**Instructions for the task**: Using the listing below, set down exactly the lines from the one that contains "до консистенции пюре." through the one that contains "O καθρέπτης ΗΜ7732", with no pictures.

**Task inputs**:
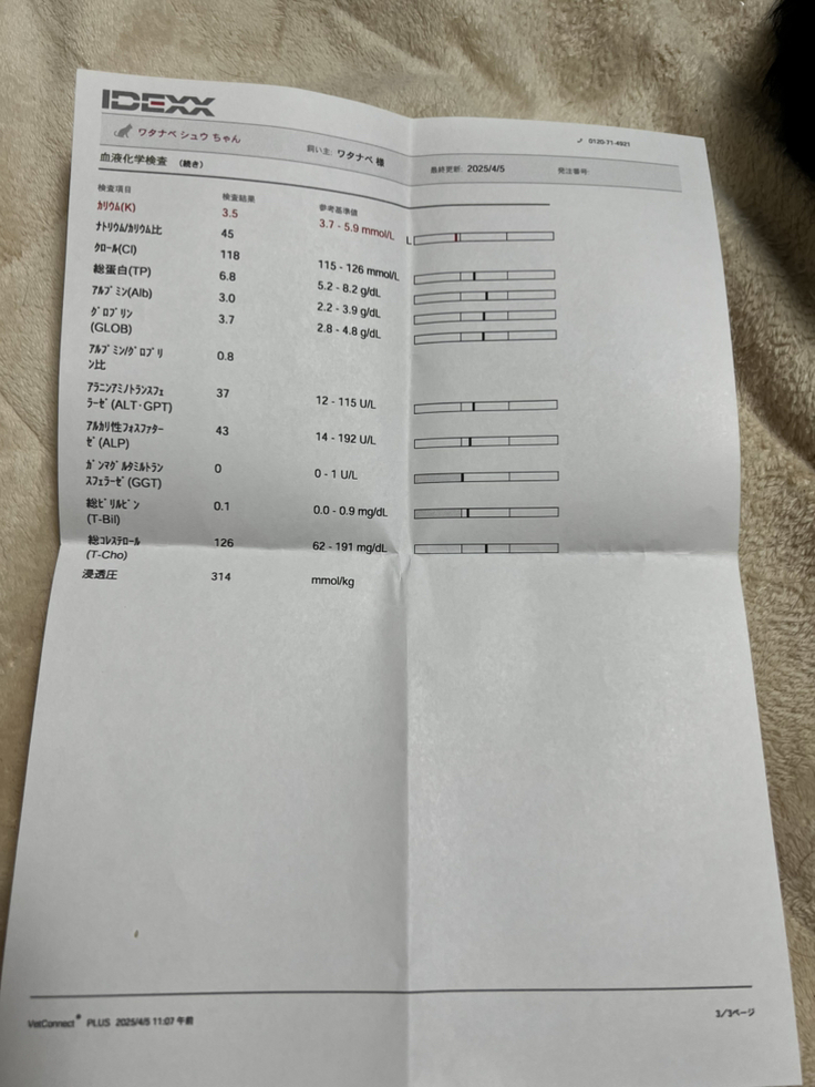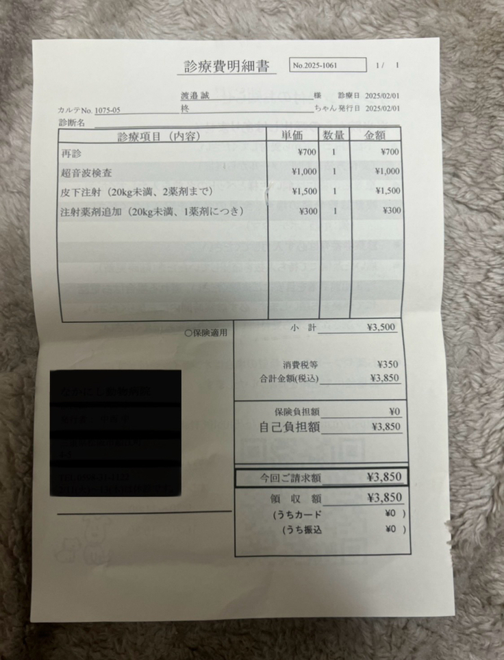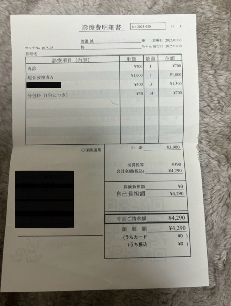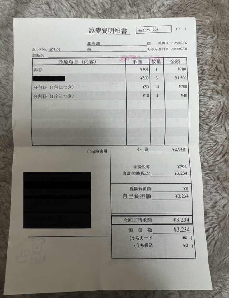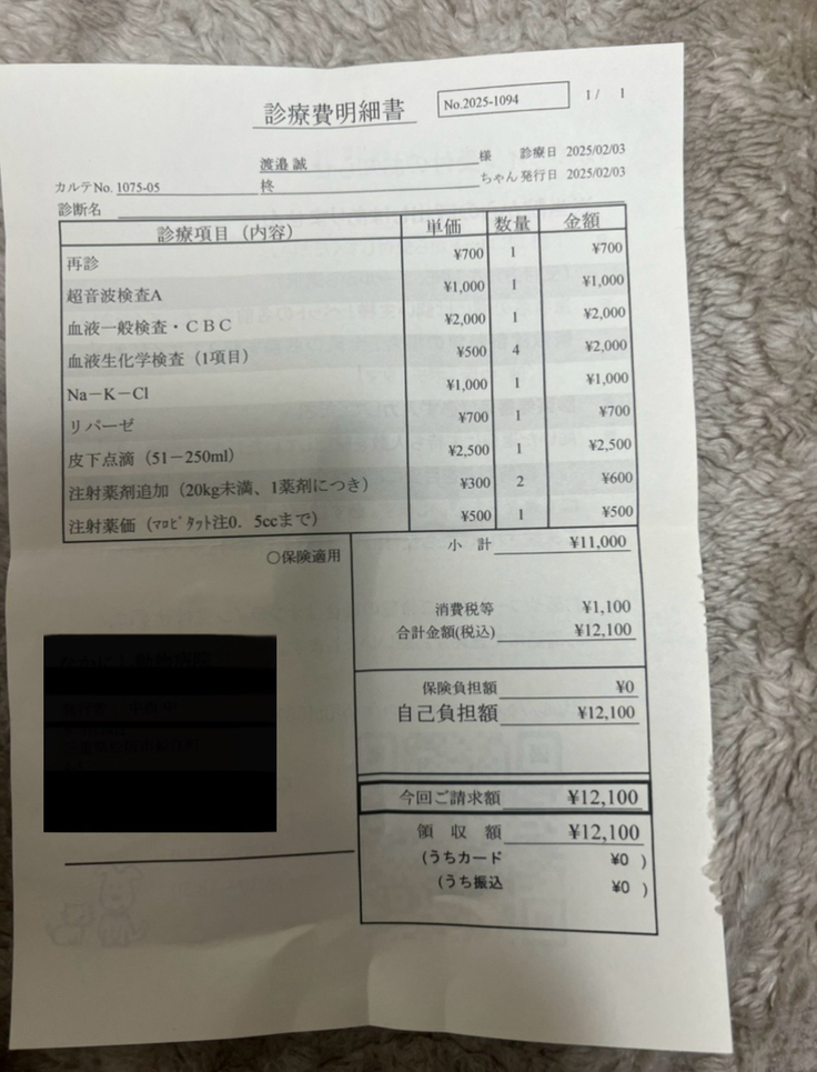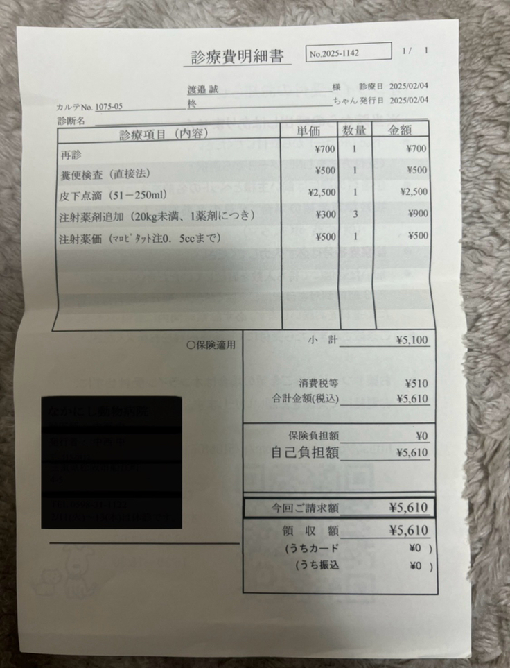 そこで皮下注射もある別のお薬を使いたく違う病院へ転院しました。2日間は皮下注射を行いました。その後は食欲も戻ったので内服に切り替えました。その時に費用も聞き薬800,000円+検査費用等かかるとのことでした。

--

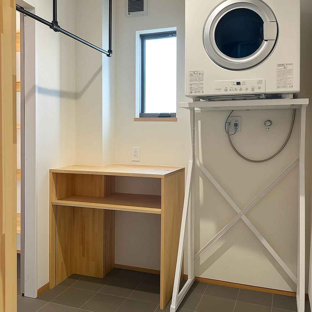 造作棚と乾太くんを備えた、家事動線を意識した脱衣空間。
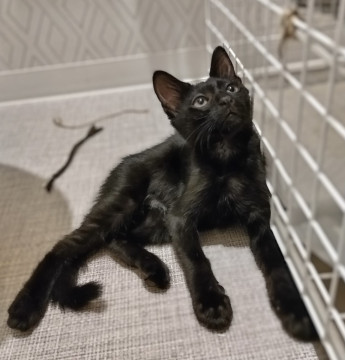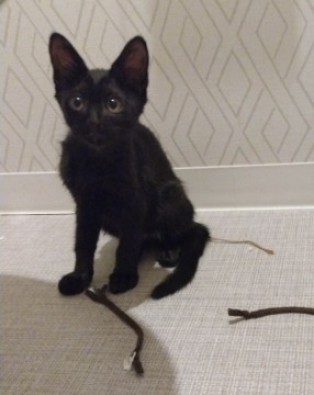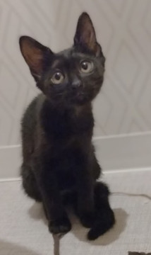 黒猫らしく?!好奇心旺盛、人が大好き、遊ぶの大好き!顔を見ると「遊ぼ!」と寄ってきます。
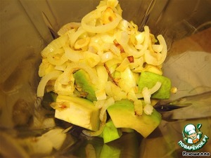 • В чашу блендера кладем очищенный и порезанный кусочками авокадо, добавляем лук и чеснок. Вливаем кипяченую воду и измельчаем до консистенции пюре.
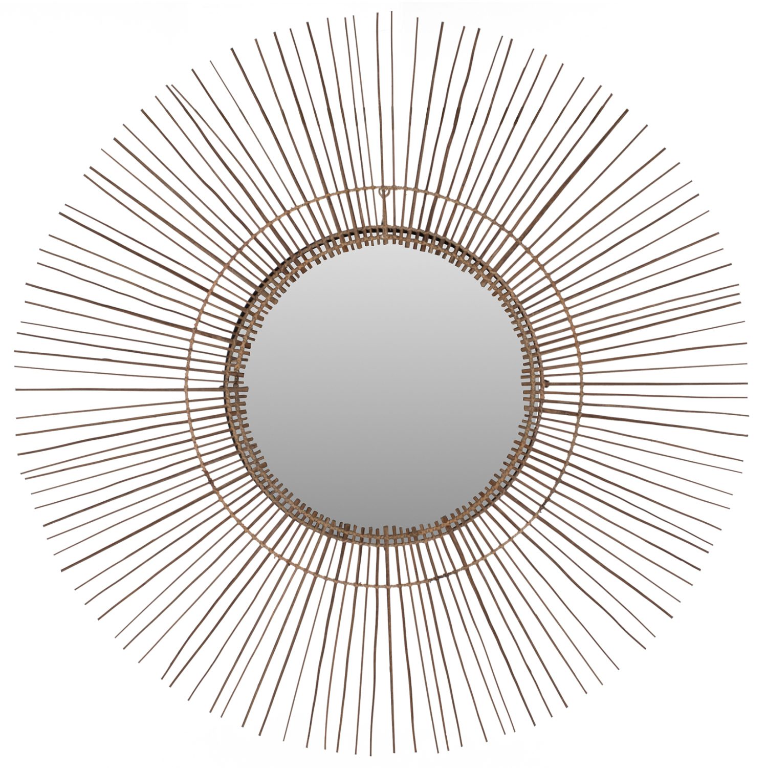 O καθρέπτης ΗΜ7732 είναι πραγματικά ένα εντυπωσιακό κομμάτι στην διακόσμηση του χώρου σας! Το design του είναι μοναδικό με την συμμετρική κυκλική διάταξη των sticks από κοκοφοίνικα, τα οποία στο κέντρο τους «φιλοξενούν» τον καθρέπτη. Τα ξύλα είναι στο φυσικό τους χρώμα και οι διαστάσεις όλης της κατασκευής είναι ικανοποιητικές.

==

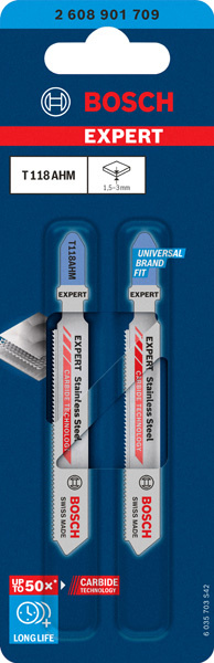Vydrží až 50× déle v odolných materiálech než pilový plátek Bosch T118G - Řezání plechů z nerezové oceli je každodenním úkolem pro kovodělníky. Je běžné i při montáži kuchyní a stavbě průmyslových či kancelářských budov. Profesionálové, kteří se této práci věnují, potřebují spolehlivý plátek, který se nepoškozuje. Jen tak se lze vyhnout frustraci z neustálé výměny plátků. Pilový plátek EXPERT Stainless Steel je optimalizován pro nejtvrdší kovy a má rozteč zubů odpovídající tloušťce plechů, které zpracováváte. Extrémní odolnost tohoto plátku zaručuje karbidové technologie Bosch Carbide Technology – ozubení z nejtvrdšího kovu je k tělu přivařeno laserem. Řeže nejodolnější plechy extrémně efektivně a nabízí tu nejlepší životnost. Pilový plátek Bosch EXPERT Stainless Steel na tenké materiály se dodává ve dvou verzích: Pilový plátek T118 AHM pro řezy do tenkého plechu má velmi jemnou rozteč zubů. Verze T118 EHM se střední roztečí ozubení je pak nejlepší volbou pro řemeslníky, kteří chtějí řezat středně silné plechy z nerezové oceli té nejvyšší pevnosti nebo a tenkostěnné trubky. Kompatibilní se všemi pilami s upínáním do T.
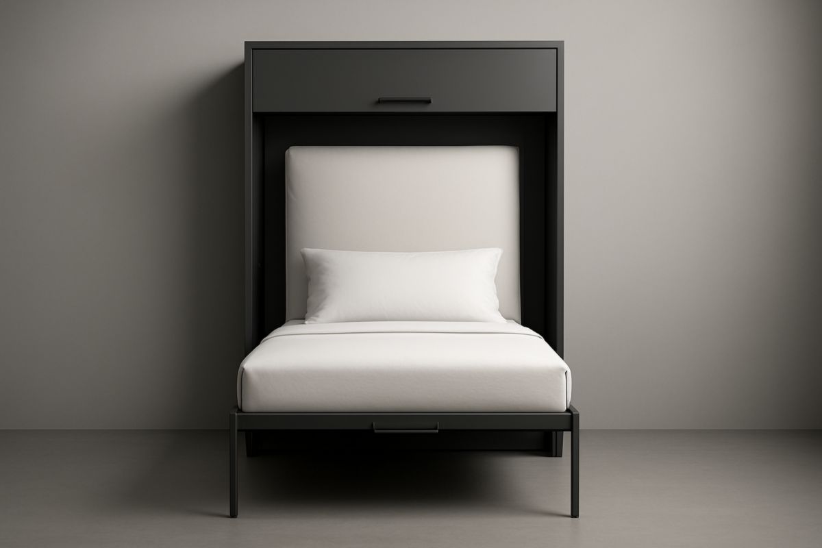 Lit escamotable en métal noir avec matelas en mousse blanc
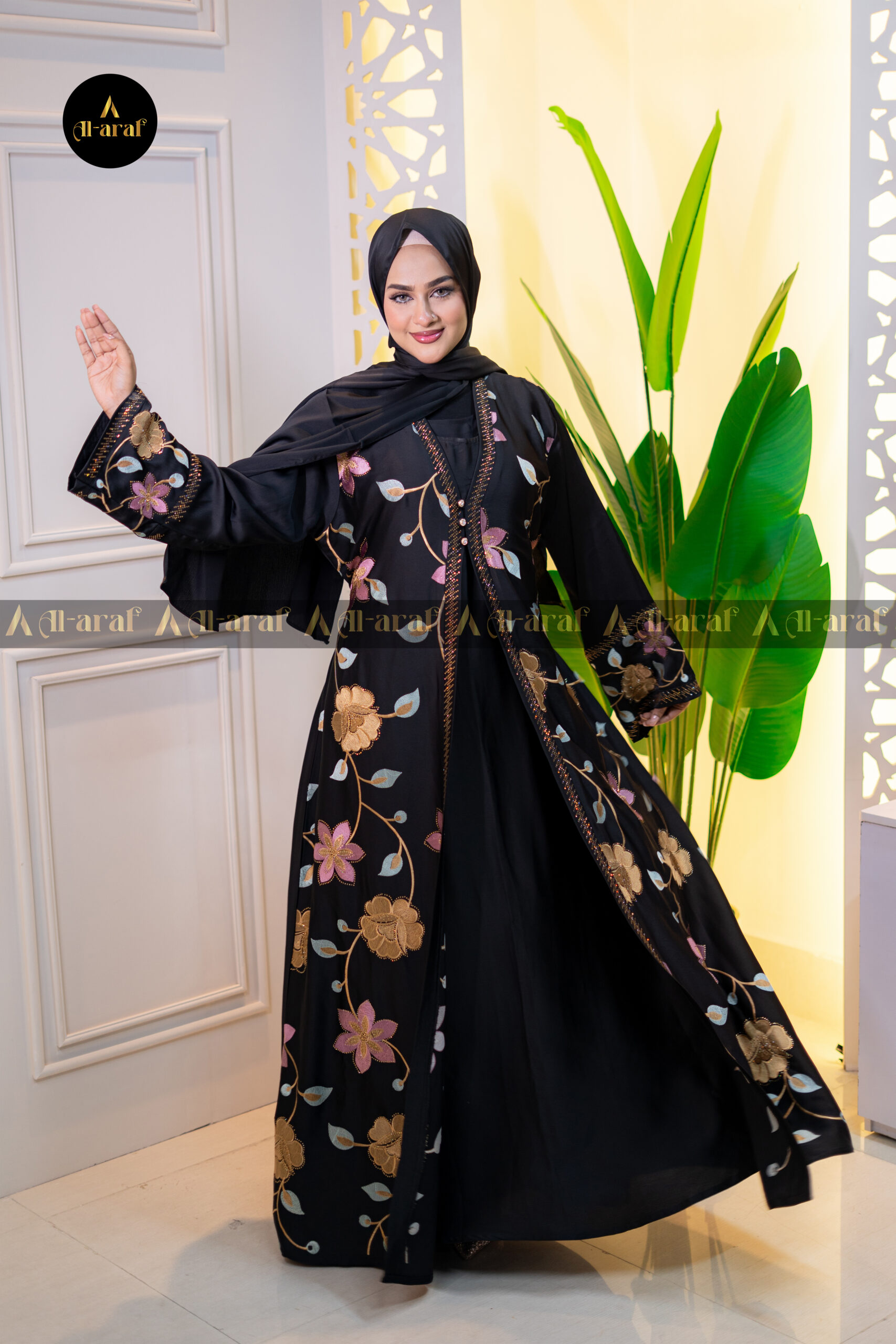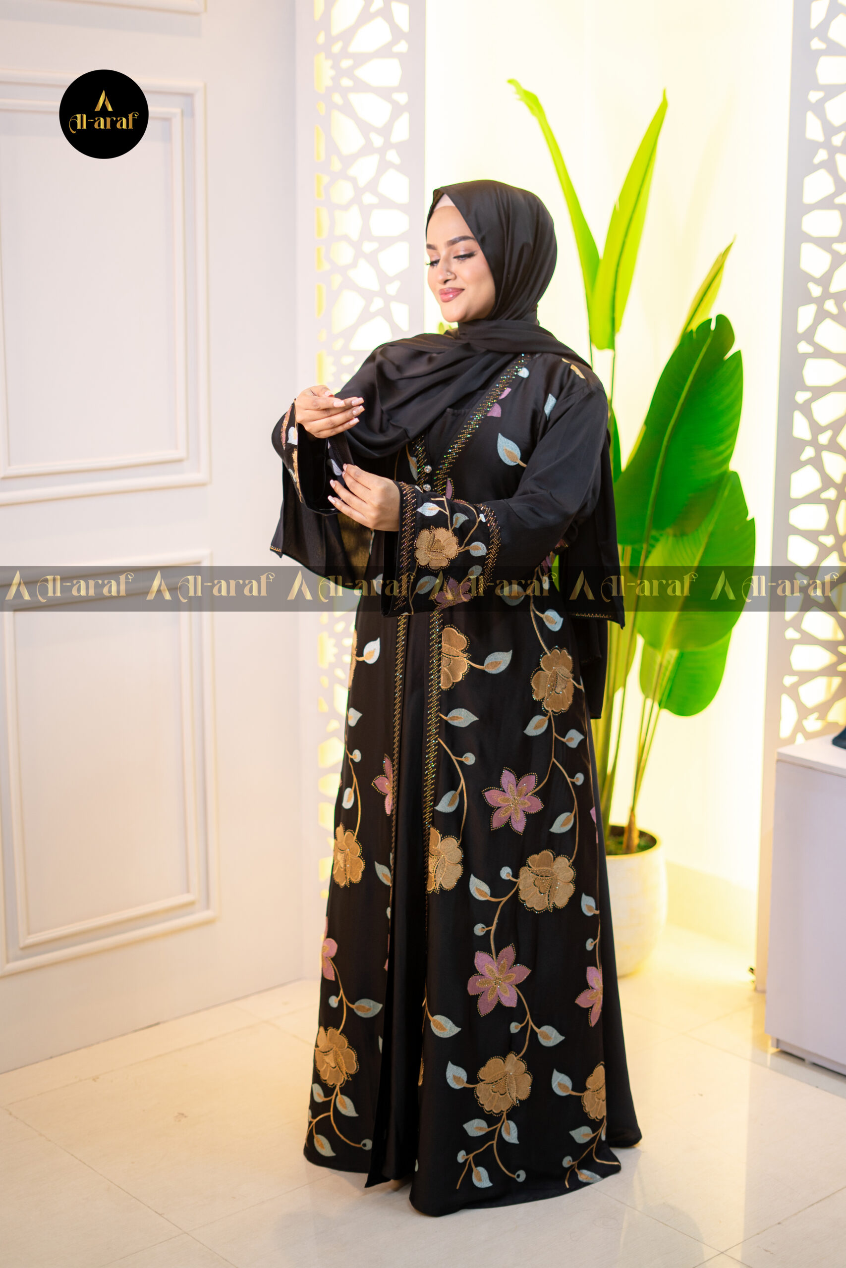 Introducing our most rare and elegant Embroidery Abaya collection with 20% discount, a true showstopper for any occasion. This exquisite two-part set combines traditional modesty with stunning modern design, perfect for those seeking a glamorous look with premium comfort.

**Task response**:
 • В чашу блендера кладем очищенный и порезанный кусочками авокадо, добавляем лук и чеснок. Вливаем кипяченую воду и измельчаем до консистенции пюре.
 O καθρέπτης ΗΜ7732 είναι πραγματικά ένα εντυπωσιακό κομμάτι στην διακόσμηση του χώρου σας! Το design του είναι μοναδικό με την συμμετρική κυκλική διάταξη των sticks από κοκοφοίνικα, τα οποία στο κέντρο τους «φιλοξενούν» τον καθρέπτη. Τα ξύλα είναι στο φυσικό τους χρώμα και οι διαστάσεις όλης της κατασκευής είναι ικανοποιητικές.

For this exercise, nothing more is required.